Rohan MagoonI
DOI: 10.21470/1678-9741-2021-0075
Dear Editor, I read with great interest the Carrascal et al.[1] study centralizing the much-required clinical focus on the risk-factor modulation of a peculiarly multi-factorial cardiac surgery-associated acute kidney injury (CS-AKI). Despite a prospective consecutive evaluation of a large homogenous cohort (elderly patients undergoing valvular heart surgery) in the index study, certain points require authors’ comments and clarification to enhance the lucidity of their findings.
While preoperative diabetes mellitus did not emerge as a baseline risk-predictor of CS-AKI (19.7% and 15.6% incidence in AKI and non-AKI population, respectively), the lack of elucidation of perioperative glucose homeostasis in the present study captivates attention, particularly when poor glucose control has been linked to an enhanced propensity for CS-AKI owing to an augmented oxidative stress, endothelial dysfunction and systemic inflammatory response[2-4]. Moreover, the authors also fail to delineate their institutional perioperative glucose management protocol.
Talking of the hemodynamic predisposition to CS-AKI, there are additional caveats that merit elaboration. It is noteworthy that systemic venous hypertension has been demonstrated to be associated with poor renal outcomes in cardiac surgical patients manifesting as a congestive renal failure, as an elevated central venous pressure (CVP) is potentially transmitted backwards, reflecting as an accentuated renal venous pressure (RVP) which reduces effective renal perfusion pressure (mean arterial pressure-RVP), accelerating AKI progression. The aforementioned is heralded by the results of the study by Palomba et al.[5] aimed at developing the ‘Acute Kidney Injury in Cardiac Surgery’ (AKICS) score, which adequately outline the superiority of postoperative CVP and low cardiac output as independent risk factors in predicting CS-AKI over other hemodynamic variables. Across the cardiac surgical population, the risk of AKI doubles once the postoperative CVP reaches a threshold value of 14 mmHg[5]. Ahead of the fact that estimated CVP at 6 h postoperatively has been found to be significantly associated with CS-AKI in the non-congested cardiac surgical subset[6], possible links should definitely not be overlooked in valvular heart disease patients included in the present study who can be particularly prone to postoperative systemic venous congestion[7].
Lastly, the lack of comparative account for inotropes-vasopressors in the AKI and non-AKI groups or a standardized inotrope-vasopressor study protocol requires consideration while interpreting the findings.
REFERENCES
1. Carrascal Y, Laguna G, Blanco M, Pañeda L, Segura B. Acute kidney injury after heart valve surgery in elderly patients: any risk factors to modify? Braz J Cardiovasc Surg. 2021;36(1):1-9. doi:10.21470/1678-9741-2019-0483. [MedLine]

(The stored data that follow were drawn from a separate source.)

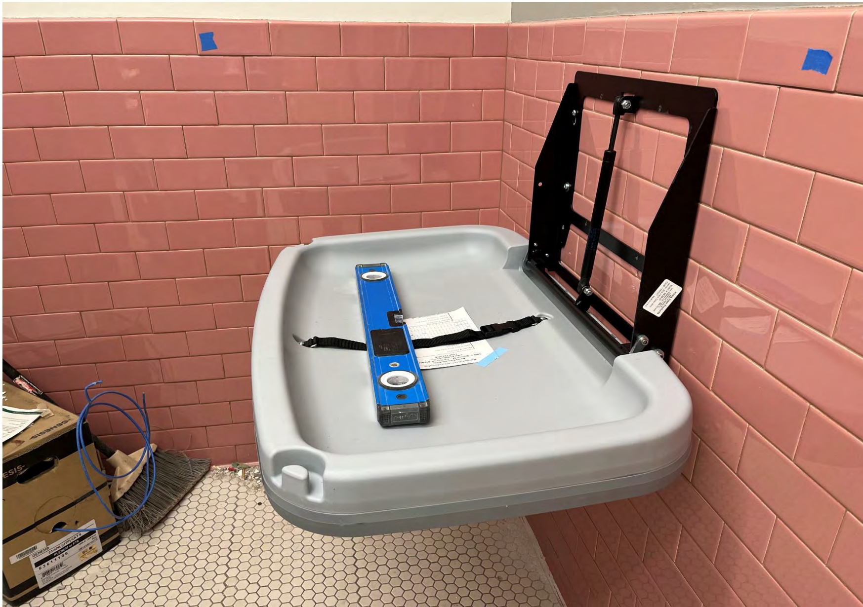
Baby changing table in Toilet Room 114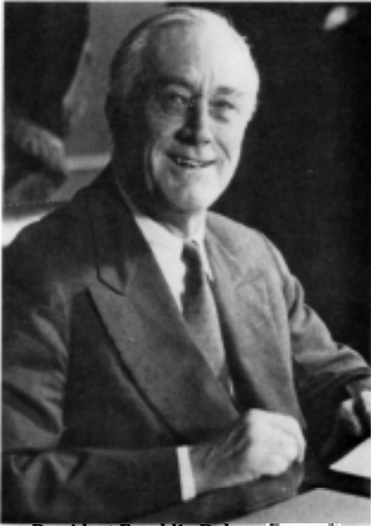
President Franklin Delano Roosevelt.

some form of nationwide flood control administered by an agency of the federal government, and that it should be financed in some measure by federal funds. This left five specific areas of disagreement: the degree to which the flood control effort should be linked to a larger multipurpose river basin development program; the agency that should administer the program; the proper division of costs between the federal government and the state and local interests; the advisability of combining watershed soil conservation pro-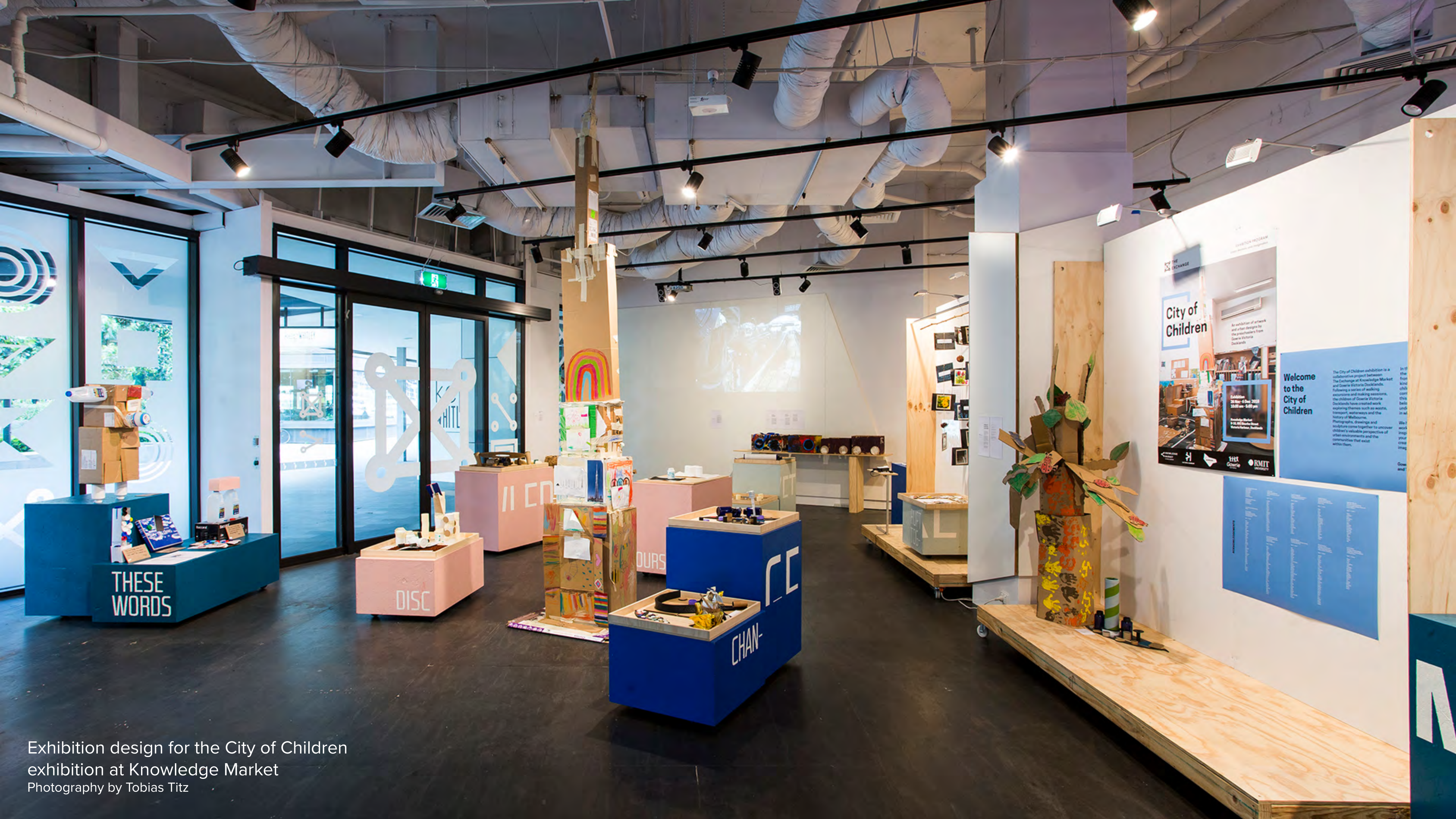
Exhibition design for the City of Children exhibition at Knowledge Market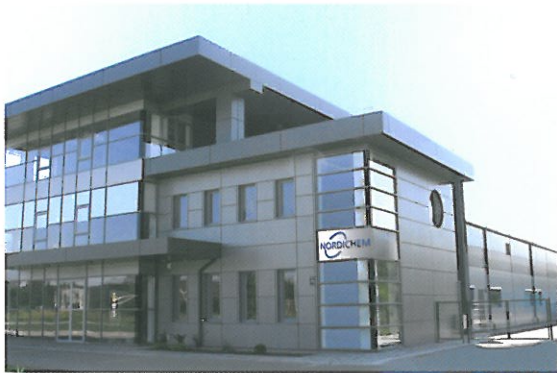
Our company headquarters. The Baltic States are situated in the centre of Europe.

Contact us for state-of-the-art, high quality and environmentally friendly Mould Release Agents.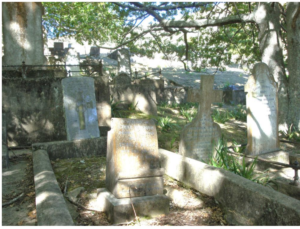
SPEAR Ethel nee BARNES, Wakapuaka Cemetery, Nelson C/E Block 13, plot 17.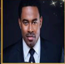
Actor Lamman Rucker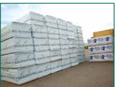
THOUSANDS OF BOARD FEET OF 2 X 4 LUMBER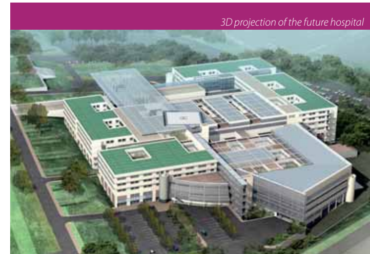
3D projection of the future hospital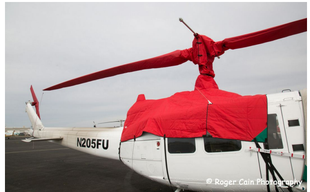
Bell 205 Engine, Rotor Mast & Blades Covers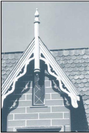
Gable Detail, The Hermitage, Ho-Ho-Kus Borough. SR Listed 5/27/71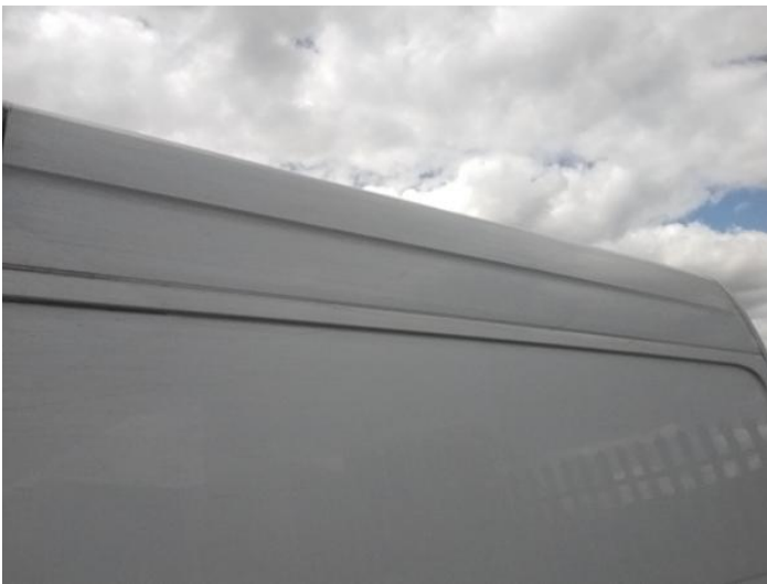
11: Qtr Panel nsr Scratched Over 25mm Thru Paint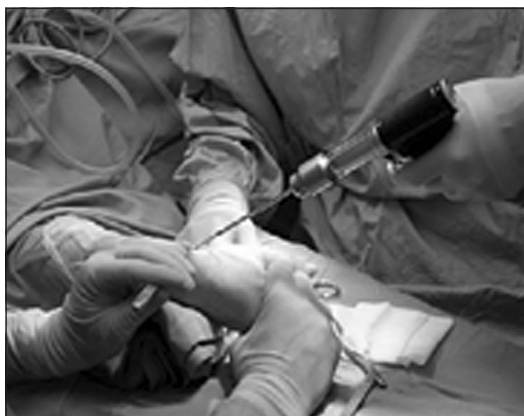
Fig. 2. Closed reduction of the fracture by insertion of a Kirschner wire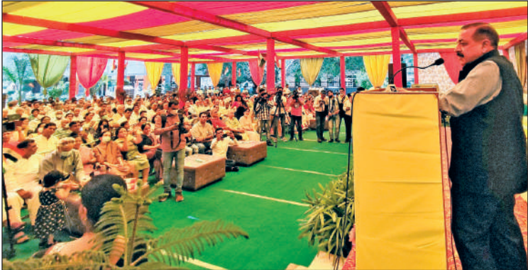
Union Minister Dr Jitendra Singh addressing a gathering of displaced Kashmiri Pandit community after formally naming a Govt School after Shaheed Tika Lal Taploo, at Rohini, New Delhi, on Sunday.

Dr Jitendra Singh said, he and several other youth activists of his gener-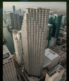
Southeast Financial Center Miami, FL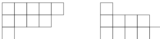
FIGURE 2. The Young diagram of the partition (5, 4, 1) , in the English convention (on the left), and the French convention (on the right).

2.1. Definitions and main properties. Before going into the study of the measure \mathcal{U}(q) , we recall some well-known facts about integer partitions. An integer partition 1 \alpha \vdash n of size n is a finite family of integers \alpha = (\alpha_1, \dots, \alpha_{\ell(\alpha)}) \in \mathbb{N}^{\ell(\alpha)} with \alpha_1 \geq \dots \geq \alpha_{\ell(\alpha)} > 0 , |\alpha| := \alpha_1 + \dots + \alpha_{\ell(\alpha)} = n . The integers \alpha_1, \dots, \alpha_{\ell(\alpha)} are called the parts of the partition and \ell(\alpha) is called its length . We denote by \mathfrak{Y}_n the set of partitions of size n , and \mathfrak{Y} = \bigsqcup_n \mathfrak{Y}_n the set of all integer partitions. A partition \alpha \vdash n is usually represented by a Young diagram , which is a collection of n boxes in \ell(\alpha) left-justified rows, where the i -th row contains \alpha_i boxes. An example is displayed in Figure 2 below. In this representation, each box is labelled

2. Song JW, Shim JK, Yoo KJ, Oh SY, Kwak YL. Impact of intraoperative hyperglycaemia on renal dysfunction after off-pump coronary artery bypass. Interact Cardiovasc Thorac Surg. 2013;17(3):473-8. doi:10.1093/icvts/ivt209. [MedLine]
3. Lecomte P, Van Vlem B, Coddens J, Cammu G, Nollet G, Nobels F, et al. Tight perioperative glucose control is associated with a reduction in renal impairment and renal failure in non-diabetic cardiac surgical patients. Crit Care. 2008;12(6):R154. doi:10.1186/cc7145.

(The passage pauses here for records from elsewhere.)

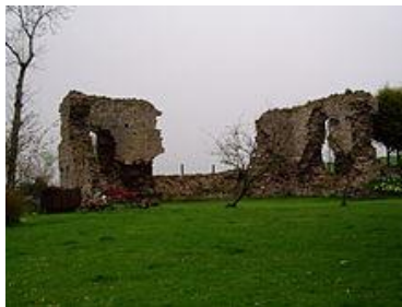
Remains of Llanddew Bishops Palace

This meant that Gerald received a house at Llanddew as his official residence and he was now free to enforce his moralising reforms on the local clergy of that part of Wales.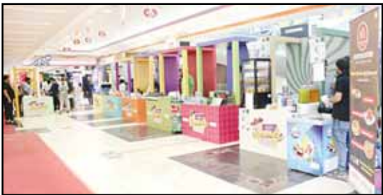
Lulu Hypermarkets in Kuwait kick off summer surprises with festive flair.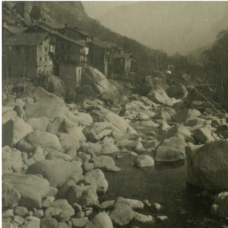
Figure 2. A village in the high Orco basin: very coarse deposits in the main channel as depicted in an old photograph (year 1952).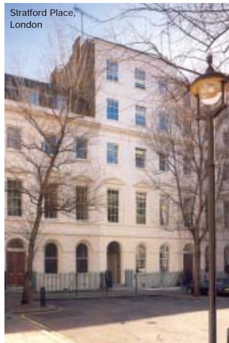
Stratford Place, London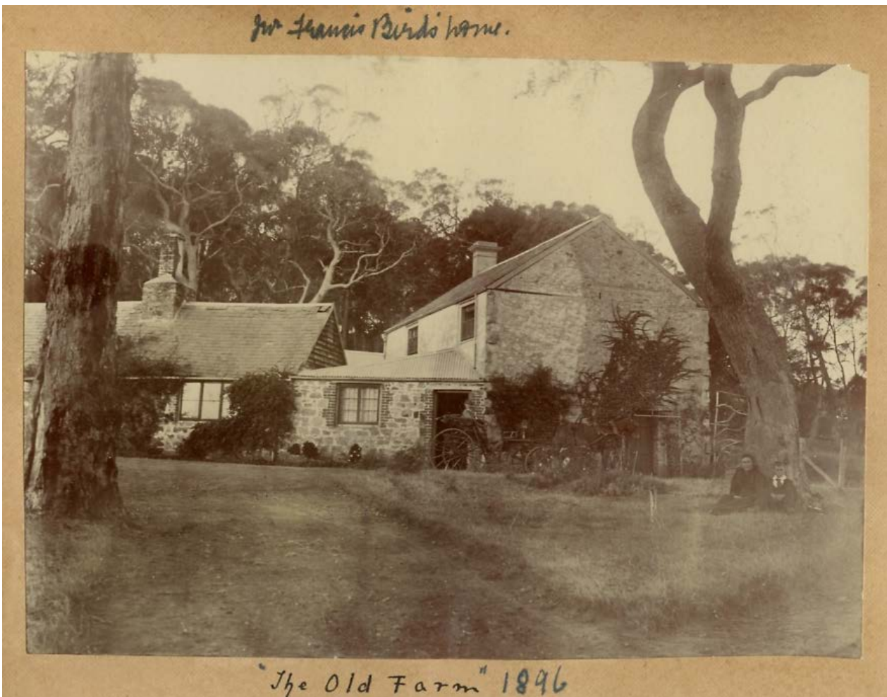
Early photographs 1858 and 1896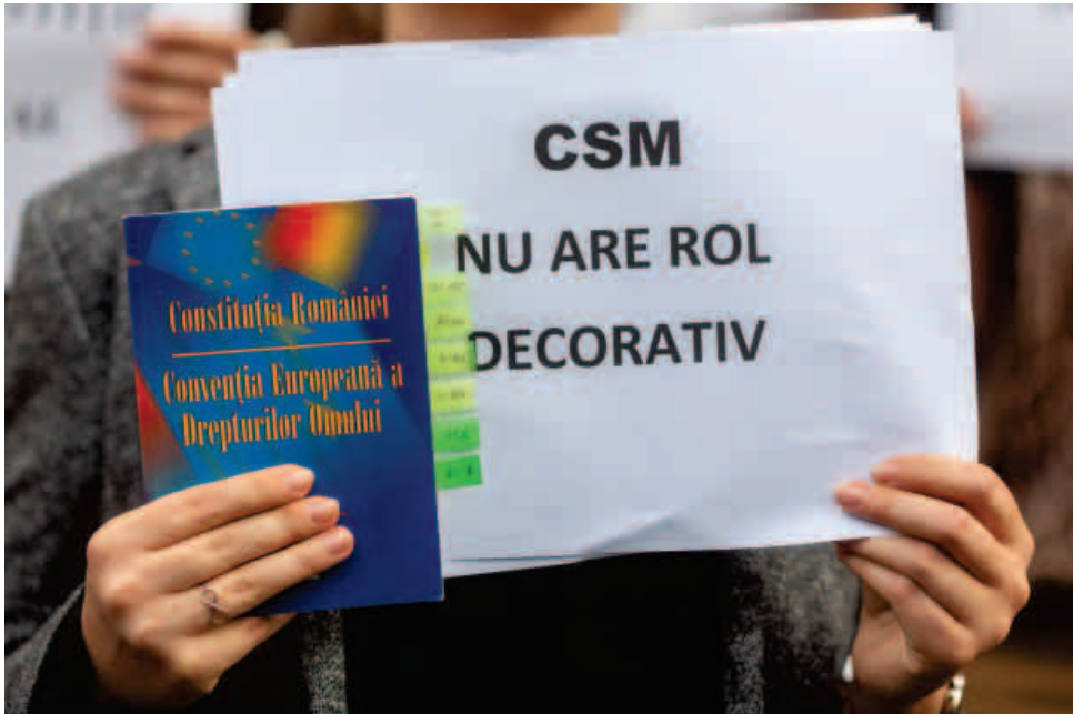
Magistrates' representatives from all over the country protesting in front of the Court of Appeal, against the way Justice is managed, Bucharest, Sunday, September 16, 2018.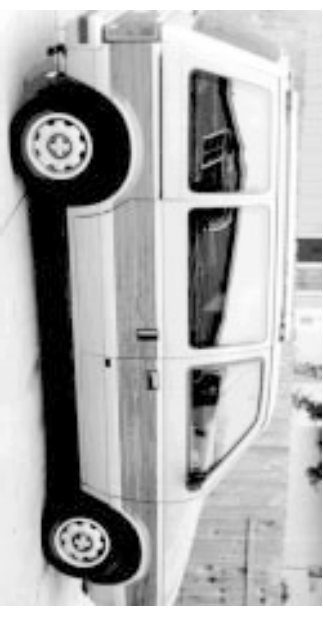
The "New" Van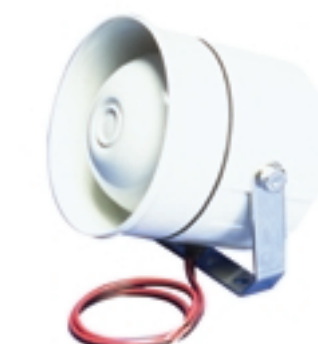
Hardwire Exterior Piezo Siren 13-046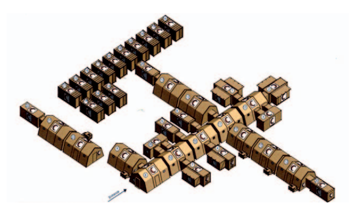
Med Mobile Field Hospital 60 beds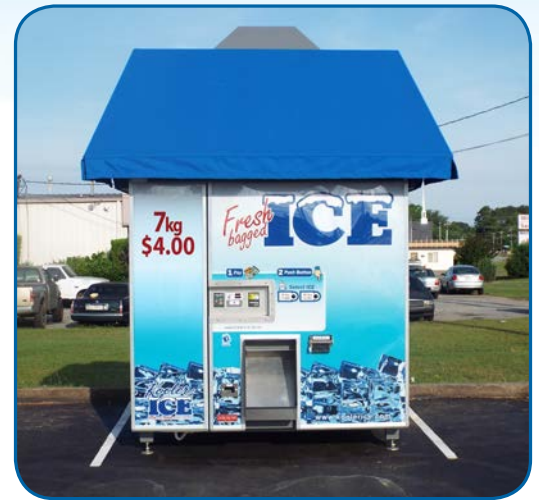
The IM2500 Series II has the highest production with the smallest footprint available in the industry today.

All of our machines comply with the new ADA requirements for consumer accessibility and, additionally, are NAMA certified and listed as complying with the federal guidelines for sanitation and consumer safety. Our machines are also ETL certified to UL541 standards for refrigerated vending machines to provide added safety for the owner and the consumer. And because the IM2500 Series II is considered a vending machine and has these important certifications, it is much easier to permit than a modular house that is considered a permanent structure.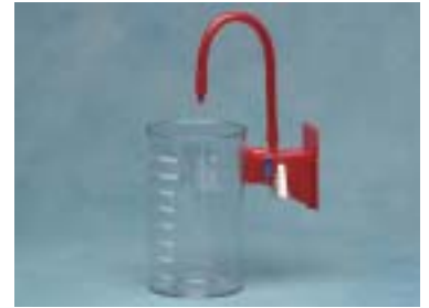
Canister with Built-in On/Off Valve 65652-611 1000cc 65652-616 1500cc 65652-631 3000cc

4. Magoon R, Kaushal B, Jose J, Kashav R. Predicting lactate elevation in neonatal cardiac surgery: can the sugars be overlooked? J Cardiothorac Vasc Anesth. 2021;35(7):2243-4. doi:10.1053/j.jvca.2020.11.028.
5. Palomba H, de Castro I, Neto AL, Lage S, Yu L. Acute kidney injury prediction following elective cardiac surgery: AKICS score. Kidney Int. 2007;72(5):624-31. doi:10.1038/sj.ki.5002419.
6 Gambardella I, Gaudino M, Ronco C, Lau C, Ivascu N, Girardi LN. Congestive kidney failure in cardiac surgery: the relationship between central venous pressure and acute kidney injury. Interact Cardiovasc Thorac Surg. 2016;23(5):800-5. doi:10.1093/icvts/ivw229.
7. Magoon R, Dey S, Walian A, Kashav R. Nitric oxide: renoprotective in cardiac surgery! Braz J Cardiovasc Surg. 2020;35(4):602-3. doi:10.21470/1678-9741-2020-0080.